*INPUT*.
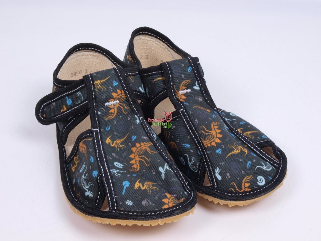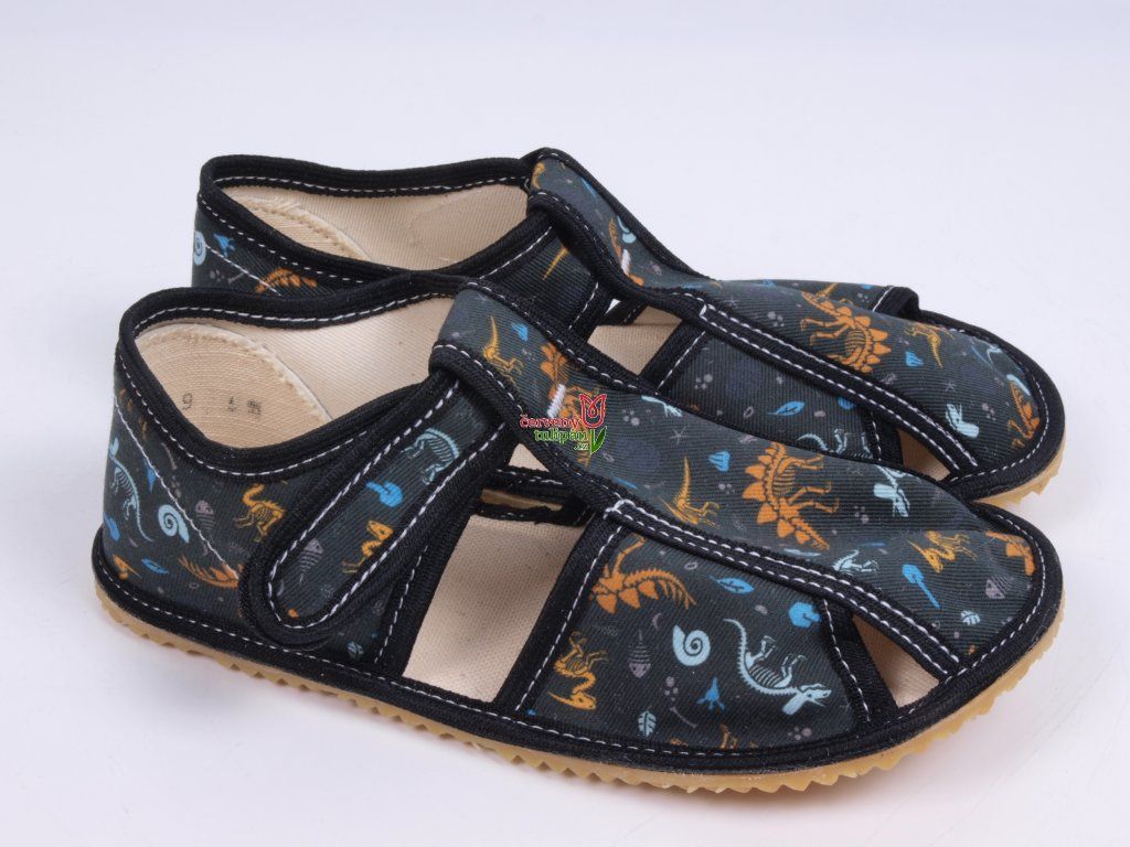 BareTulip dark grey slippers with dinosaurs, half-open BAREFOOT
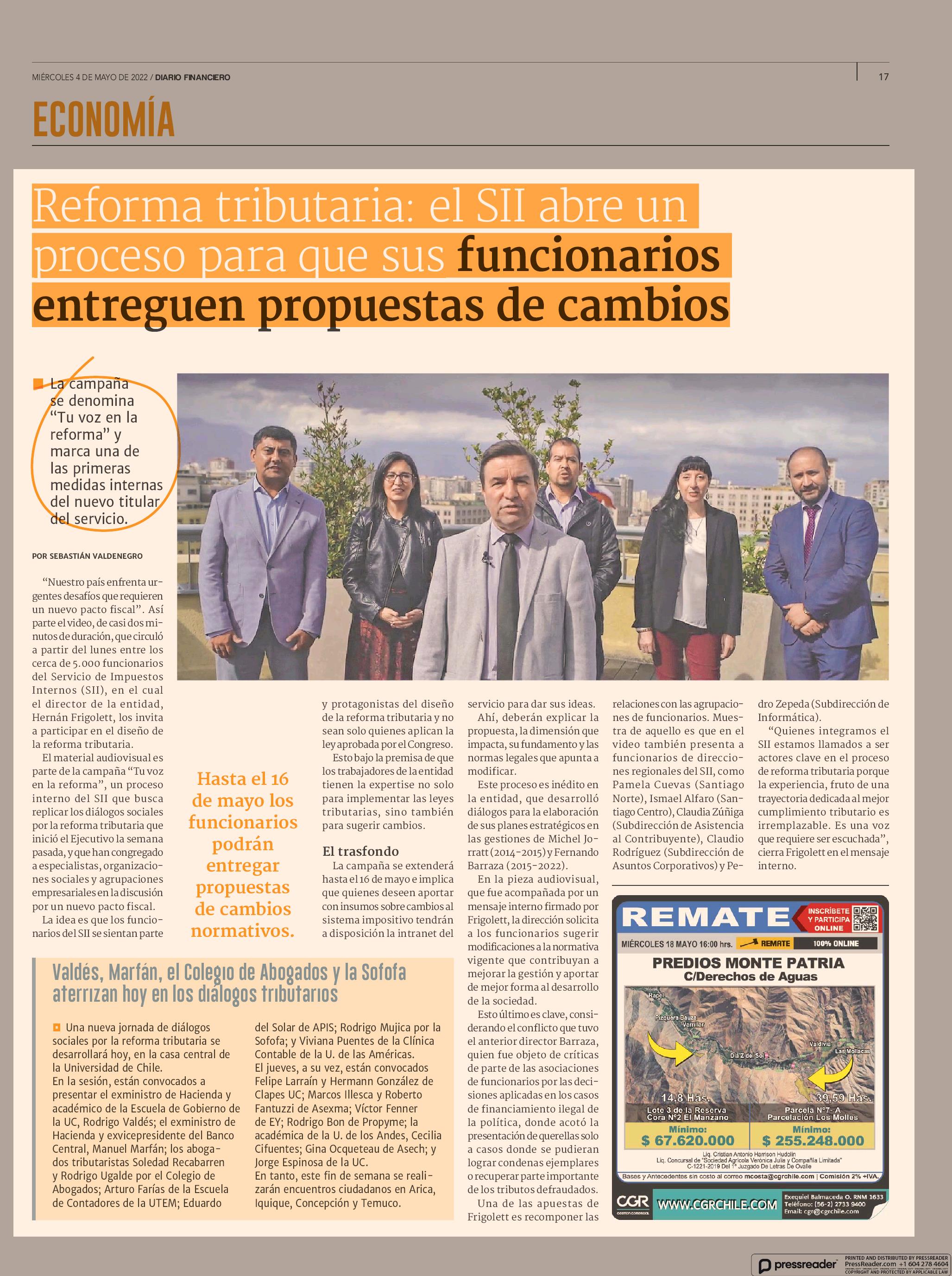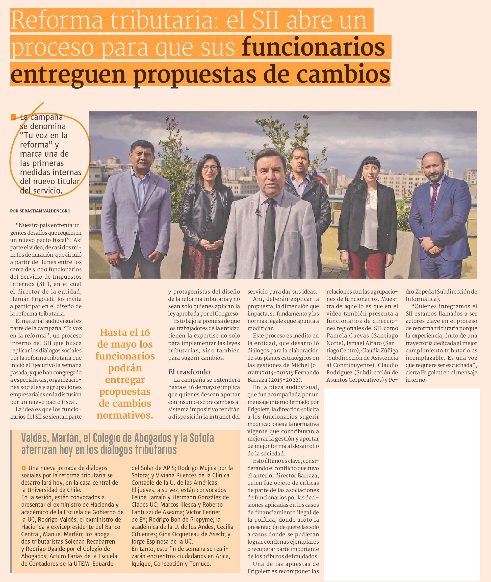 Título: Reforma tributaria: el SII abre un proceso para que sus funcionarios entreguen propuestas de cambios
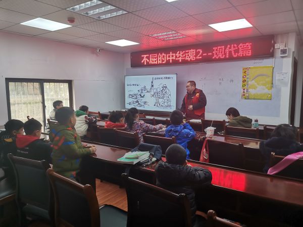 1月14日,龙灯社区学生托管中心举办了“不屈的中华魂”红色教育活动的第二节课。(彭聪)
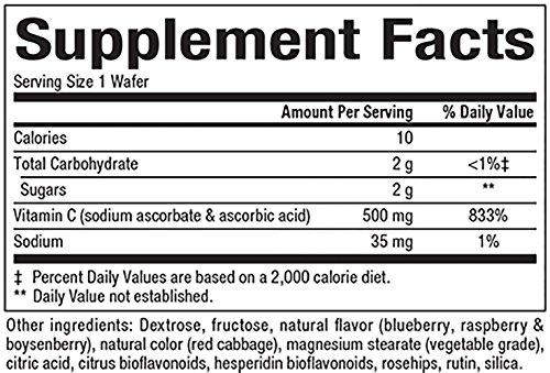 TREAT YOUR CHILD: Vitamin C 500 mg is a fruit flavored wafer supporting healthy immunity, bones, and cartilage.
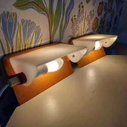 Två sänglampor med rosa och vit färg. Perfekt som mysbelysning.sänglampor,ca 30 år
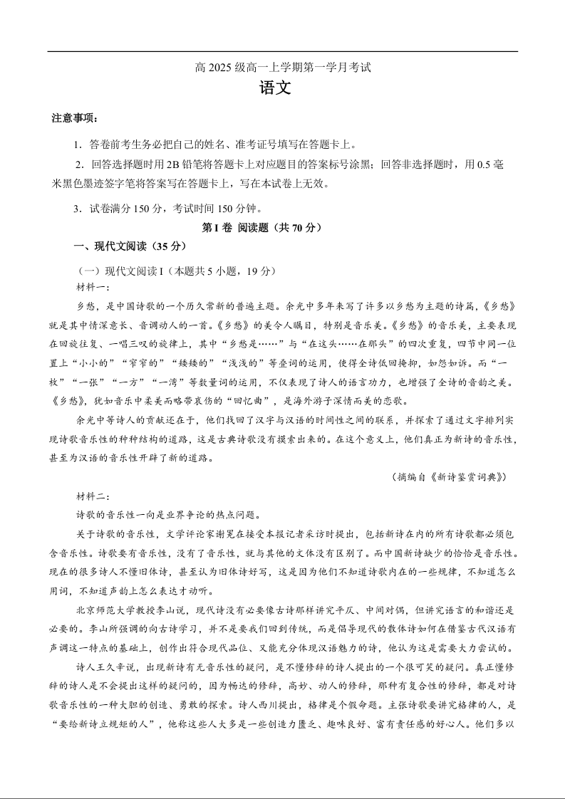 高一语文--四川省泸州市泸县第五中学2025-2026学年高一上学期10月月考
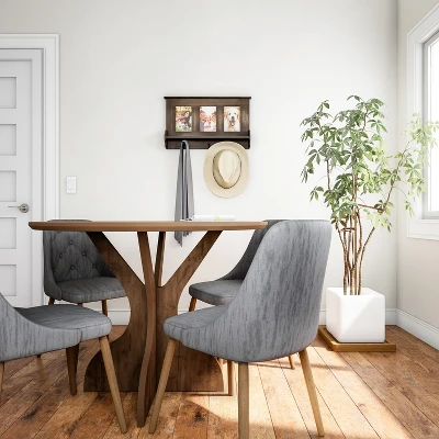 Combine the best of style and function with the Hastings Home Wall Shelf with Photo Collage Frames. The versatile accent piece allows you display your favorite pictures or artwork, while gaining practical storage space for items like keys, hats, scarves, light jackets, dog leashes, jewelry, handbags and more! The shelf even has a ledge for added storage and organization space. The distressed wood-look of the shelf complements most color palettes in any home or office, and can add a modern farmhouse or rustic feel to your decor. With 3 hanging hooks, and 3 4×6 picture frames, this piece is perfect to hang by your entryway or foyer. It’s also ideal for your kitchen, bathroom, bedroom, stairway and in spaces where you’d like a charming decorative storage. With no assembly required and the screws and anchors for mounting included, this piece will be ready to make an impact in your home in just minutes! . This product contains chemicals known to the state of California to cause cancer, birth defects, or other reproductive harm. https://www.p65warnings.ca.gov
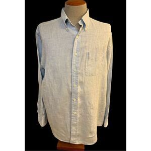 Light blue Irish Linen button down shirt by Brooks Brothers. Long Sleeves and button down collar. Size XL.
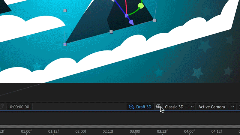 Utilisez l’ensemble d’outils intuitif pour vous aider à concevoir et composer plus rapidement et plus précisément un contenu 3D en mode natif dans After Effects.
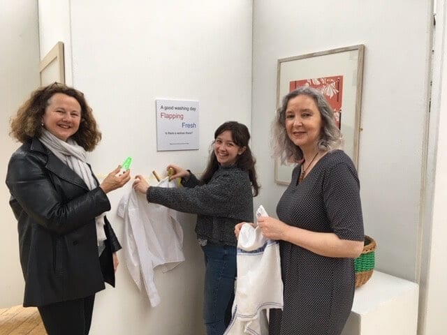 Many of the images that feature in Encounters were on display at the launch, together with accompanying exhibits. The above photograph was taken in front of one exhibit – an image called ‘Neighbourhood Watch’ by Edwina Jill Wilkie, together with a washing basket, clothes peg and line, the caption ‘A good washing day’. Pictured in the photograph from right to left are Anne O’Connor, Chief Executive of Art in Healthcare, Rebecca Leary, Festival Marketing and Programme Officer at Luminate, Scotland’s Creative Ageing Organisation and independent creative collaborator, Madgalena Schamberger, who was taking a short break from the tour of her latest theatre production, Curious Shoes – a joyful performance that provides an opportunity for persons living with dementia to see a high quality piece of theatre without it being a worrying or stressful experience for them.
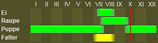 Lebenszyklus: Die Puppe überwintert, in Jahren mit trockenem Frühjahr 2x.
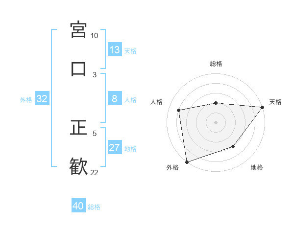 宮口 正歓さんの天格は13画の5点!
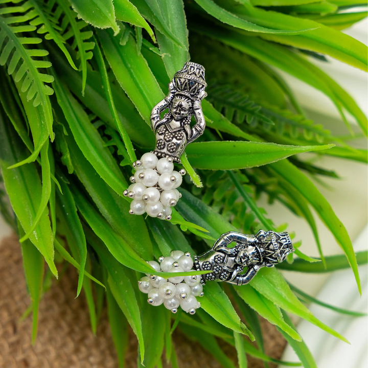 Celebrate timeless Indian craftsmanship with our Tribal Belle Pearl Oxidised Earrings. Featuring a beautifully carved tribal woman figurine holding a traditional pot, this design reflects heritage and storytelling through jewellery.
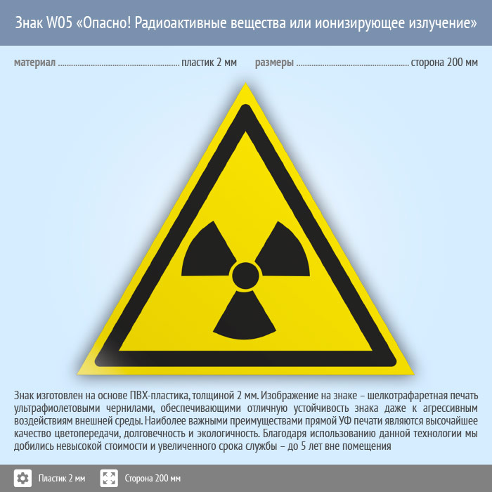 Знак W05 «Опасно! радиоактивные вещества или ионизирующее излучение» (пластик, сторона 200 мм) в Кашире купить
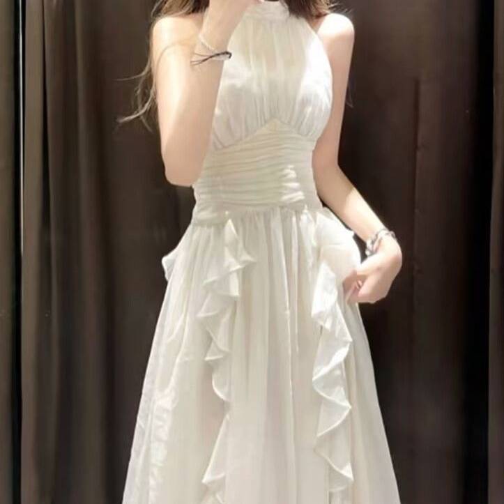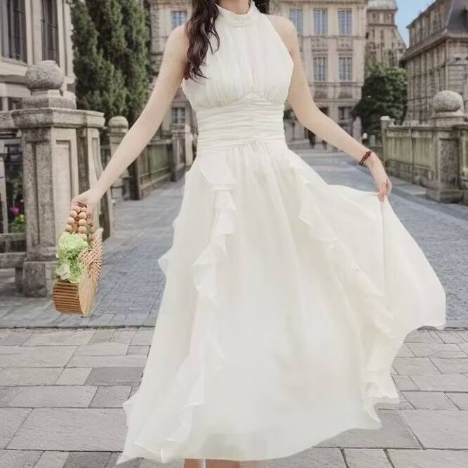 ロングワンピース レディース シフォン フリル ハイネック ノースリーブ フレア Aライン エレガント 清楚 上品 韓国風 きれいめ 美ライン ウエストマーク 春 夏 秋 冬 お呼ばれ デート 食事会 フォーマル リゾート パーティー 人気 大人可愛い ホワイト C-OSS0158
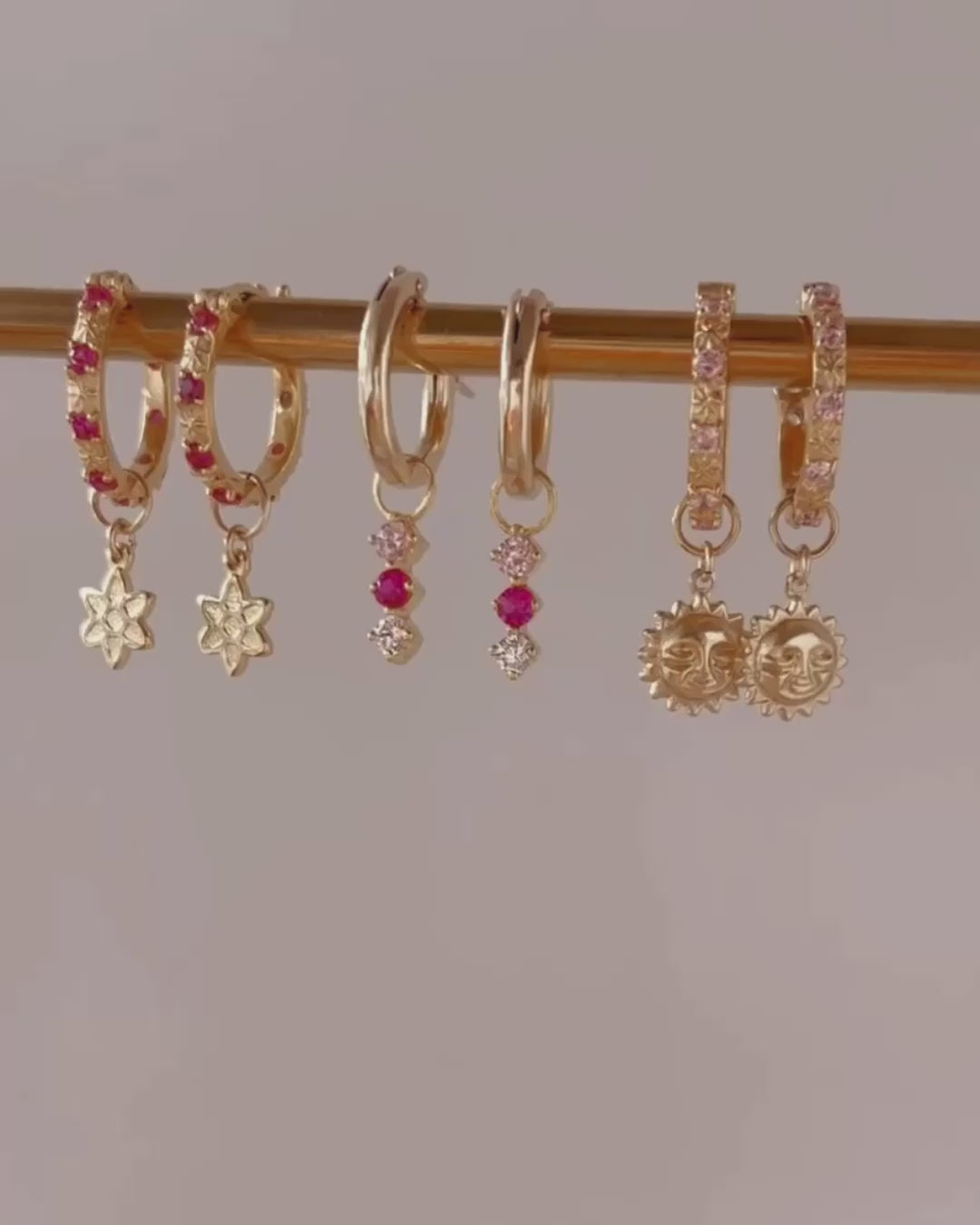 The Asteria Crimson Hoop Earrings Set is designed to bring a bold pop of colour to your collection. The Asteria Crystal Hoops feature clear crystals stones, offering a classic appeal. The Crimson Tri Hoops pair our Classic Mini Euro Hoops with removable charms showcasing a trio of crystals in tourmaline pink, ruby red, and sparkling white—perfect for adding a colourful, elegant twist to your look. Versatile and eye-catching, these hoops are ideal for making a statement every day.
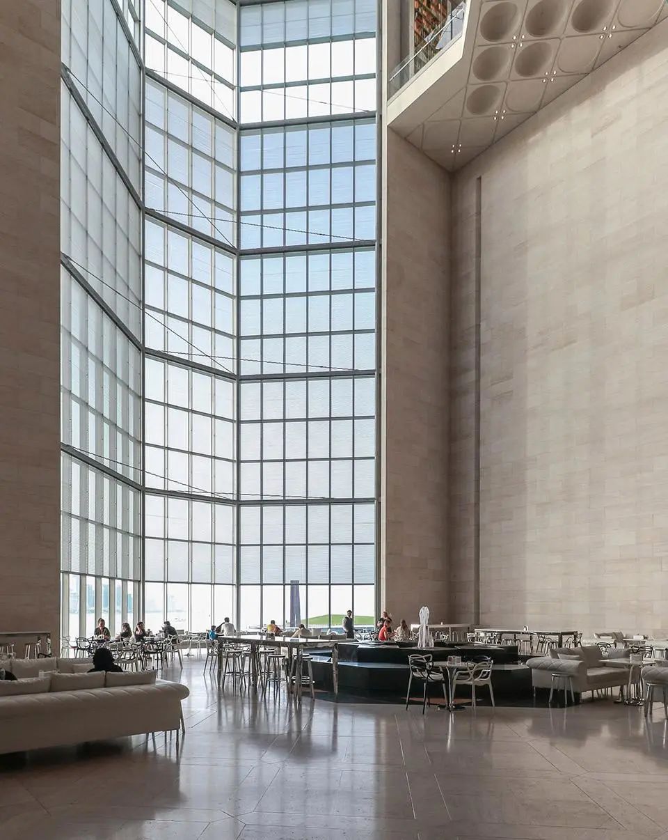 北側45米高的窗戶可以欣賞到整個海灣的壯麗全景。伊斯蘭世界的幾何圖案裝飾著整個博物館的空間,各種紋理和材料提供了獨特的背景。

*WHAT IS NEEDED*.
All entries need repeating exactly, but without the pictures.

*TASK SOLUTION*.
 BareTulip dark grey slippers with dinosaurs, half-open BAREFOOT
 Título: Reforma tributaria: el SII abre un proceso para que sus funcionarios entreguen propuestas de cambios
 1月14日,龙灯社区学生托管中心举办了“不屈的中华魂”红色教育活动的第二节课。(彭聪)
 TREAT YOUR CHILD: Vitamin C 500 mg is a fruit flavored wafer supporting healthy immunity, bones, and cartilage.
 Två sänglampor med rosa och vit färg. Perfekt som mysbelysning.sänglampor,ca 30 år
 高一语文--四川省泸州市泸县第五中学2025-2026学年高一上学期10月月考
 Combine the best of style and function with the Hastings Home Wall Shelf with Photo Collage Frames. The versatile accent piece allows you display your favorite pictures or artwork, while gaining practical storage space for items like keys, hats, scarves, light jackets, dog leashes, jewelry, handbags and more! The shelf even has a ledge for added storage and organization space. The distressed wood-look of the shelf complements most color palettes in any home or office, and can add a modern farmhouse or rustic feel to your decor. With 3 hanging hooks, and 3 4×6 picture frames, this piece is perfect to hang by your entryway or foyer. It’s also ideal for your kitchen, bathroom, bedroom, stairway and in spaces where you’d like a charming decorative storage. With no assembly required and the screws and anchors for mounting included, this piece will be ready to make an impact in your home in just minutes! . This product contains chemicals known to the state of California to cause cancer, birth defects, or other reproductive harm. https://www.p65warnings.ca.gov
 Light blue Irish Linen button down shirt by Brooks Brothers. Long Sleeves and button down collar. Size XL.
 Utilisez l’ensemble d’outils intuitif pour vous aider à concevoir et composer plus rapidement et plus précisément un contenu 3D en mode natif dans After Effects.
 Many of the images that feature in Encounters were on display at the launch, together with accompanying exhibits. The above photograph was taken in front of one exhibit – an image called ‘Neighbourhood Watch’ by Edwina Jill Wilkie, together with a washing basket, clothes peg and line, the caption ‘A good washing day’. Pictured in the photograph from right to left are Anne O’Connor, Chief Executive of Art in Healthcare, Rebecca Leary, Festival Marketing and Programme Officer at Luminate, Scotland’s Creative Ageing Organisation and independent creative collaborator, Madgalena Schamberger, who was taking a short break from the tour of her latest theatre production, Curious Shoes – a joyful performance that provides an opportunity for persons living with dementia to see a high quality piece of theatre without it being a worrying or stressful experience for them.
 Lebenszyklus: Die Puppe überwintert, in Jahren mit trockenem Frühjahr 2x.
 宮口 正歓さんの天格は13画の5点!
 Celebrate timeless Indian craftsmanship with our Tribal Belle Pearl Oxidised Earrings. Featuring a beautifully carved tribal woman figurine holding a traditional pot, this design reflects heritage and storytelling through jewellery.
 Знак W05 «Опасно! радиоактивные вещества или ионизирующее излучение» (пластик, сторона 200 мм) в Кашире купить
 ロングワンピース レディース シフォン フリル ハイネック ノースリーブ フレア Aライン エレガント 清楚 上品 韓国風 きれいめ 美ライン ウエストマーク 春 夏 秋 冬 お呼ばれ デート 食事会 フォーマル リゾート パーティー 人気 大人可愛い ホワイト C-OSS0158
 The Asteria Crimson Hoop Earrings Set is designed to bring a bold pop of colour to your collection. The Asteria Crystal Hoops feature clear crystals stones, offering a classic appeal. The Crimson Tri Hoops pair our Classic Mini Euro Hoops with removable charms showcasing a trio of crystals in tourmaline pink, ruby red, and sparkling white—perfect for adding a colourful, elegant twist to your look. Versatile and eye-catching, these hoops are ideal for making a statement every day.
 北側45米高的窗戶可以欣賞到整個海灣的壯麗全景。伊斯蘭世界的幾何圖案裝飾著整個博物館的空間,各種紋理和材料提供了獨特的背景。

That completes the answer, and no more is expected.